The chairman of Dartmouth's Board of Trustees is in Washington this morning to ask Congress to confirm him as the United States ambassador to South Korea, three weeks after President Clinton nominated him for the position.
Stephen Bosworth '61 will testify before the Senate committee chaired by Jesse Helms, the cantankerous North Carolina Republican who made headlines this summer by refusing to hear testimony from former Massachusetts Governor William Weld, who was nominated as envoy to Mexico.
Weld eventually gave up without ever winning a nomination hearing.
It is unlikely that Bosworth, who is backed by the State Department, will face serious opposition. His nomination must be confirmed by a majority vote on the Senate floor.
If confirmed, it is probable that Bosworth will remain chairman of Dartmouth's Board.
If he is named ambassador, Bosworth will be a key player in negotiations between North Korea, South Korea, China and the U.S, which is overseeing talks aimed at stabilizing the Korean peninsula.
North Korea and South Korea have signed a cease-fire, but the two countries have not yet made a formal peace. The U.S., a key ally of Seoul, has not established diplomatic relations with North Korea.
Bosworth would fill a position left vacant since January, when the previous ambassador to Korea, James Laney, resigned.
Bosworth was selected for the ambassadorship after a long career in public service and foreign relations, but his current position as executive director of the Korean Peninsula Energy Development Organization was the overriding factor in his nomination, according to a State Department official.
Bosworth entered the State Department as a foreign service officer in 1961 and has held assignments in Paris, Madrid and Panama. From 1979 to 1981, he was the ambassador to Tunisia, and from 1984 to 1987 he served as ambassador to the Philippines. He then served as president of the United States-Japan Foundation, a private grant-making institution.

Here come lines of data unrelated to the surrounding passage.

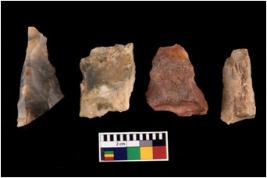 | Description / विवरण | There are n-4 intact flake cores. There are multi directional irregular scar pattern on both dorsal and ventral face of the flake cores. |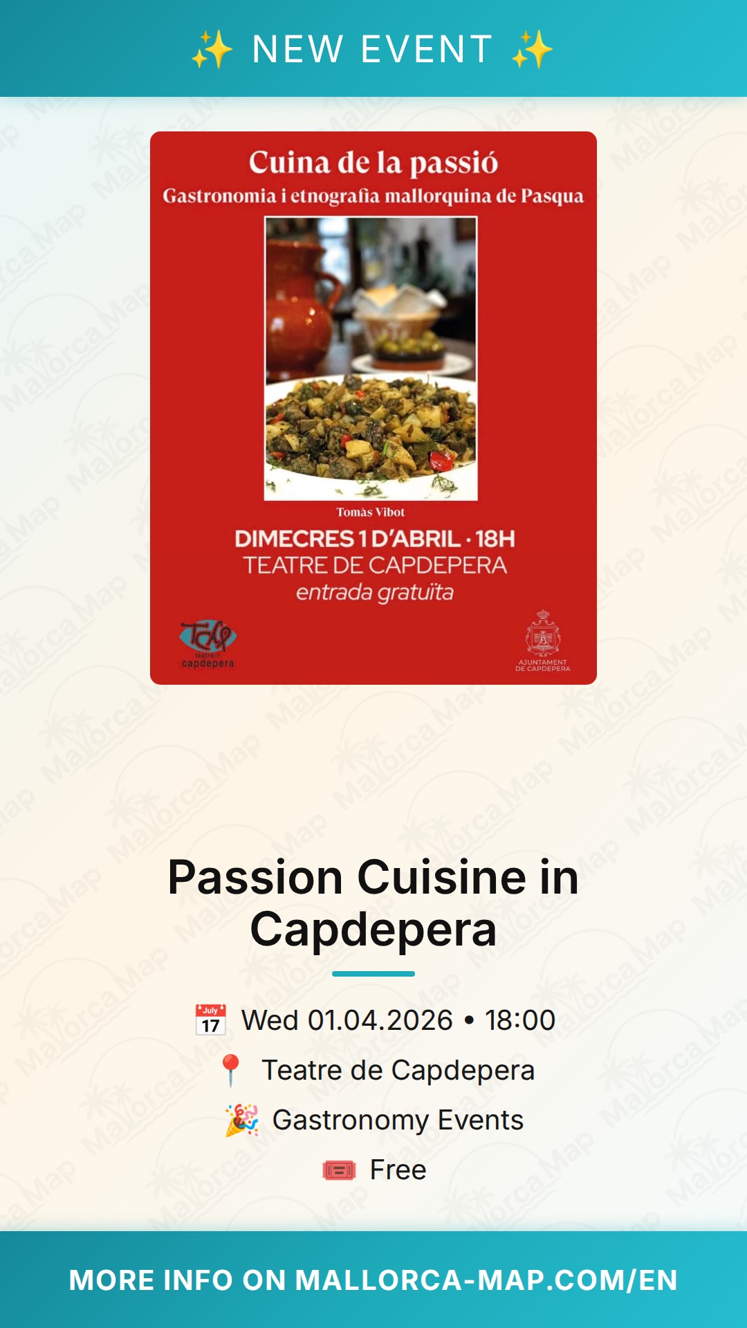 The event is completely free to attend, making it a perfect evening plan for families and curious travelers alike. Starting at 18:00, it leaves you plenty of time to enjoy a walk through the medieval streets of Capdepera or visit its famous castle before heading to the theatre. Don't miss this opportunity to connect with the authentic Mallorca. We invite you to grab a seat, listen to the stories, and maybe even discover a few culinary secrets to take home with you. See you at the Teatre de Capdepera for an unforgettable evening of culture, history, and taste!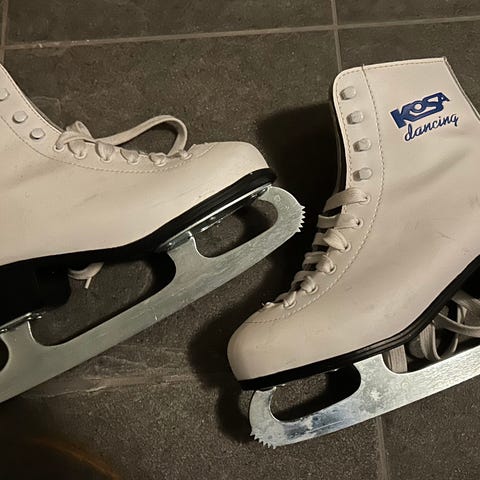 Kosa Dancing skøyter i størrelse 39. Skøytene er hvite og designet for generell skøyting.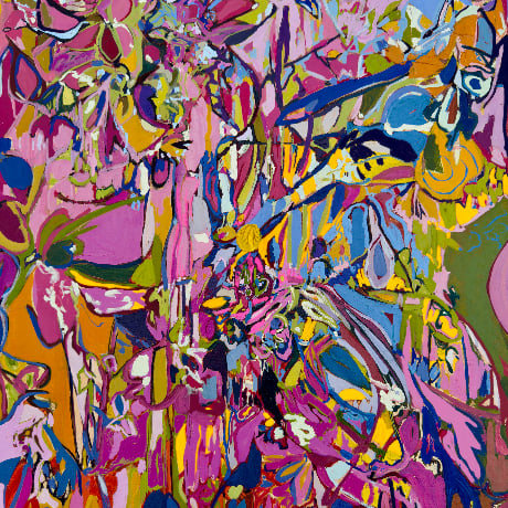 In painting, her dynamic and intuitive process is an inquiry into the rhizomatic threads of connection that humans share with nature. The outcome resists the illusion of understanding, favouring suggestion instead. Her practice begins with drawing natural forms that unfurl onto the page, which she rotates as she works, allowing each composition to evolve without a fixed orientation. Her works exist in a continual state of becoming, acting as portals into transformation that invite viewers to open their minds and shift their perspective.

Bosworth's current job is at the head of an international consortium to oversee implementation of a nuclear agreement between the U.S. and North Korea. The organization is responsible for delivering $5 billion of energy to North Korea in return for the dismantling of their currently unsafe national nuclear program.
North Korea does not yet meet International Atomic Energy Agency standards. The greatest concern for U.S. interests is radioactive plutonium, a chemical waste product that can be used to build nuclear bombs.